TASK DESCRIPTION:
Return, word for word, every line starting at the line with "Пасхальный фон. Выборочный" and ending at the final line of the entries; skip the pictures.

___ RECORD EXTRACTS

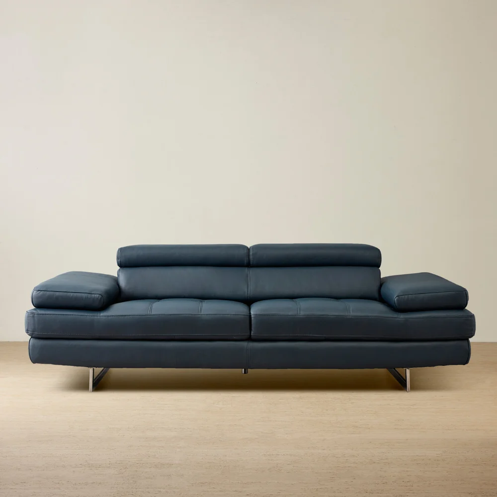 Love the sofa, it is a unique navy blue. It's a great sofa for not blocking the view, especially from other positions/ perspectives in the room. Being able to raise the headrest and armrest to various positions (without the heavy motorised components) makes for comfortable options when sitting for longer periods, and it is also easier to move. All this, plus having clear, unobstructed views, makes this sofa a winner. I know I bought two!
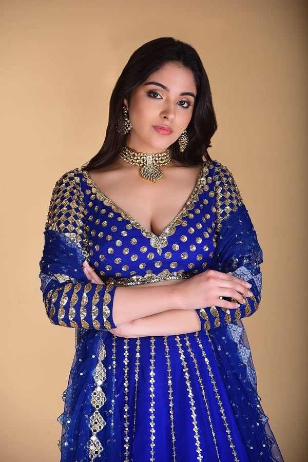 DESCRIPTION | Royal blue Lehenga set is embellished with sequence works all over lehenga set. Paired with embroidered mirror work dupatta and gather at bottom of lehenga. |
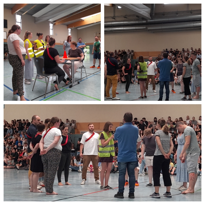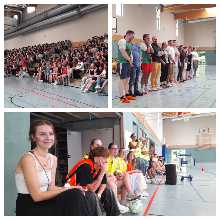 Mit kurzweiligen Wettbewerben wie Matten-Rutschen, Elfmeterschießen und Spielen wie Reise nach Jerusalem unterhielten unsere Abschlussjahrgänge die Schüler:innen und Lehrer:innen dann in der 3. und 4. Stunde bestens. Hierbei traten zwei hochmotivierte Lehrer:innenteams gegeneinander an; insbesondere Herr Stagge konnte seine zahlreichen Fans begeistern, die ihn auch lautstark zu weiteren Höchstleistungen anspornten.
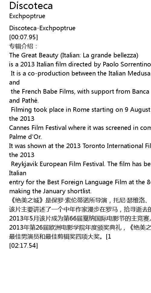 | [00:20.27] | The Great Beauty Italian: La grande bellezza |
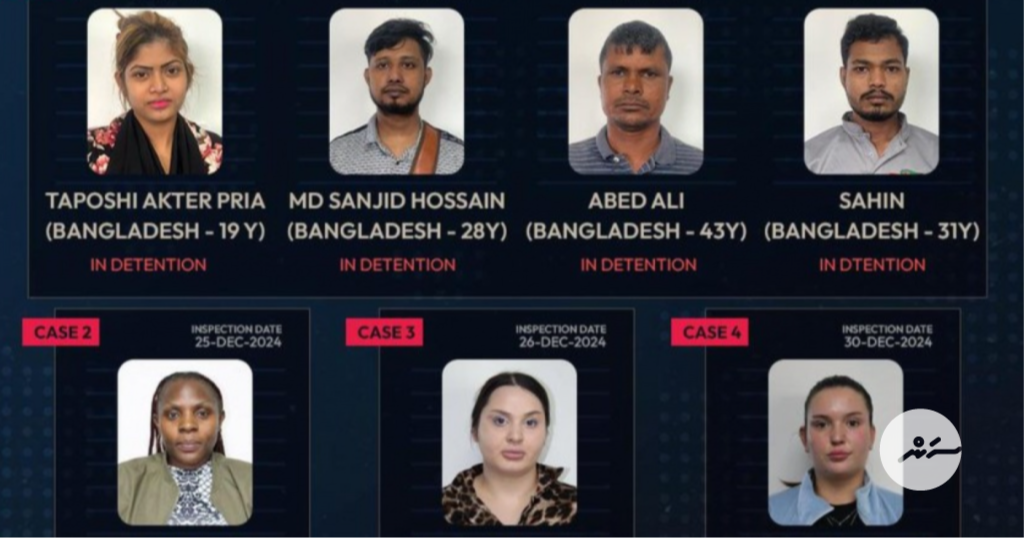 އިމިގްރޭޝަންގެ ބެލުމުގެ ދަށަށް ގެންގޮސްފައިވަނީ ބިދޭސީ ހަތަރު އަންހެނަކާއި ތިން ފިރިހެނެކެވެ.
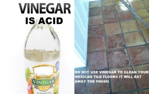 Never use vinegar to clean a Mexican Tile Floor, vinegar is an acid and will pit and destroy the finish on your Mexican Tile Floor.Vinegar is a liquid consisting of about 5–20% acetic acid (CH3COOH), water, and other trace chemicals. Vinegar is effective in removing clogs from drains. Vinegar also can help remove wallpaper and will eat away the finish on your Mexican tile floors. Mexican Tile Renew Clean and Seal Fort Myers to Sarasota To St Pete Fl. CALL VEL AT 941-926-7444. email mexicantilerenew@aol.com
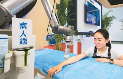 6月9日,在首届中国-中东欧国家博览会上,市民体验“5G”在智慧医疗中的应用。
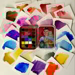 24 half pans of artist quality highly pigmented handmade watercolour paint in a vintage confectionery tin (14x10.2x2.6cm).
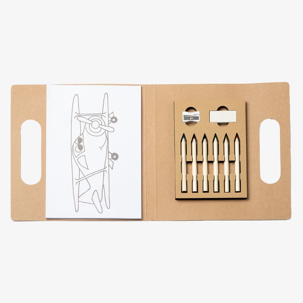 Zestaw zabaw dla dzieci z blokiem zawierającym różne rysunki do kolorowania, 6 kredkami, temperówką i gumką. Umożliwia kreatywną aktywność w podróży.
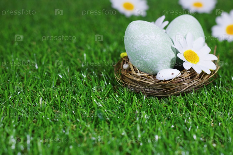 Пасхальный фон. Выборочный фокус. Пасхальные яйца в корзине на лугу с цветами. Концепция пасхальной открытки. Копировать пространство
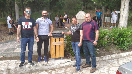 Ειδικότερα, με την καθοδήγηση των εκπαιδευτικών η Ομάδα Εθελοντισμού του σχολείου κατασκεύασε έναν καλαίσθητο ξύλινο κάδο απορριμμάτων από ανακυκλώσιμα υλικά (σανίδες από παλέτες) τον οποίο και τοποθέτησε πλησίον της βρύσης που έχει κατασκευάσει ο Κυνηγετικός Σύλλογος Αγρινίου απέναντι από τον Παλαιό Άγιο Χριστόφορο.
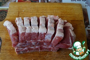 Берём поясничную часть свинины, моем, обсушиваем салфеткой или полотенцем. У меня такое мясо с костью, но можно готовить и бескостную часть. Режем на кусочки толщиной 1 см, не прорезая мясо до конца (если оно бескостное), или прорезая до кости, как у меня.

______

RESPONSE:
 Пасхальный фон. Выборочный фокус. Пасхальные яйца в корзине на лугу с цветами. Концепция пасхальной открытки. Копировать пространство
 Ειδικότερα, με την καθοδήγηση των εκπαιδευτικών η Ομάδα Εθελοντισμού του σχολείου κατασκεύασε έναν καλαίσθητο ξύλινο κάδο απορριμμάτων από ανακυκλώσιμα υλικά (σανίδες από παλέτες) τον οποίο και τοποθέτησε πλησίον της βρύσης που έχει κατασκευάσει ο Κυνηγετικός Σύλλογος Αγρινίου απέναντι από τον Παλαιό Άγιο Χριστόφορο.
 Берём поясничную часть свинины, моем, обсушиваем салфеткой или полотенцем. У меня такое мясо с костью, но можно готовить и бескостную часть. Режем на кусочки толщиной 1 см, не прорезая мясо до конца (если оно бескостное), или прорезая до кости, как у меня.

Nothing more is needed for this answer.